The target test case set corresponding to the target service system refers to a set of all target test cases for testing the target service system.

Further, the second configuration set refers to a data set obtained by processing values in at least one configuration item contained in the function factor module obtained based on the atomic module.

Based on the above embodiment, the test case generating method provided by the invention automatically generates the target test case set by respectively inputting the first value combinations corresponding to the atomic modules with the dependency relationships into the test case model set, so that the problem possibly occurring when the test case is manually written is avoided, and the universality is improved because the test case generated by utilizing the conventional test case generating technology is only suitable for the condition of specific programming language and/or specific service system.

Preferably, based on the above embodiments, the training generation test case model is described.

Based on the above embodiments, fig. 2 is a schematic flow chart of training a test case model in the test case generating method according to one embodiment of the present disclosure. As shown in fig. 2, the process of training the test case model includes:

specifically, as shown in fig. 2, the functional factor modules 1,2, 3..n (n is a positive integer) are respectively obtained based on the atomic modules 1,2, 3..n.

Further, the values of at least one configuration item correspondingly contained in the functional factor modules 1,2 and 3..n (n is a positive integer) are processed, and a second configuration set 1,2 and 3..n (n is a positive integer) is correspondingly obtained respectively. Wherein the second configuration sets 1,2, 3..n (n is a positive integer) each correspondingly comprise a plurality of second value combinations.

Further, training the machine learning model by using a plurality of second value combinations which are respectively and correspondingly contained in the second configuration sets 1,2 and 3..n (n is a positive integer), and respectively and correspondingly obtaining test case models 1,2 and 3..n (n is a positive integer).

Further, a test case model set is constituted by n (n is a positive integer) test case models.

Based on the above embodiments, fig. 3 is a schematic flow chart of generating a first configuration set in the test case generating method according to one embodiment of the present disclosure. As shown in fig. 3, the process of generating the first configuration set includes:

step 301, obtaining a first configuration item of an atomic module, and obtaining basic value data of the first configuration item.

Specifically, the first configuration item refers to a parameter item which is independent and discrete and contains a plurality of values in the atomic module.

Correspondingly, the basic value data refer to all the value data which are contained in the first configuration item and can be enumerated.

Step 302, based on a preset combination test tool, the basic value data is processed to generate a first configuration set including a plurality of first value combinations.

The basic value data a, b and c, the basic value data d, e and f and the basic value data g and h are processed by PICT, so that first value combinations a, d and g, first value combinations c, e and g, first value combinations b, d and h, first value combinations a, e and h and the like can be obtained, and further, the first configuration set is formed by the first value combinations a, d and g, the first value combinations c, e and g, the first value combinations b, d and h, the first value combinations a, e and h and the like.

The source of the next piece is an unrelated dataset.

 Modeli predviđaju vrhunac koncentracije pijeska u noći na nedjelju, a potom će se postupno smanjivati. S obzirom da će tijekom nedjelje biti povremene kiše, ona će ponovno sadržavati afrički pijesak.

Based on the above embodiment, a plurality of first value combinations contained in the first configuration set are input to the test case model set one by one, so that a target test case set corresponding to the target service system can be automatically generated.

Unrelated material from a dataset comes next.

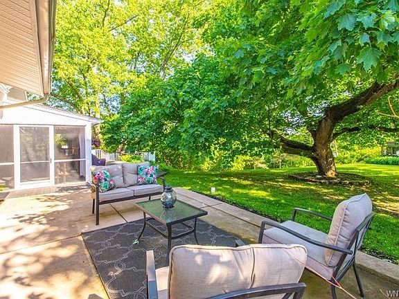 Wonderful ranch in a desired neighborhood. Beautifully renovated kitchen. Open dining and living room with vaulted ceilings, fireplace, large windows overlooking a screened in porch, large deck, and patio! Hardwood floors, 2 full baths and a large 2.5 car garage. A short walk to the village of East Aurora. Delayed Showing: Showings start at Open House on Saturday, June 8th, 11AM-2 PM.

Based on the above embodiments, fig. 4 is a schematic flow chart of a functional factor module obtained in the test case generating method according to one embodiment of the present disclosure. As shown in fig. 4, the process of obtaining the functional factor module includes:

in step 401, dependent atomic modules and dependent atomic modules in the atomic modules with the dependency relationship are determined.

Illustratively, if an atomic module includes an atomic module a and an atomic module B, and the atomic module a depends on the atomic module B, then the atomic module a belongs to the dependent atomic module and the atomic module B belongs to the dependent atomic module.

Step 402, determining a dependency configuration item corresponding to the dependency atomic module in the first configuration item, and obtaining a function execution result obtained by executing the dependency atomic module.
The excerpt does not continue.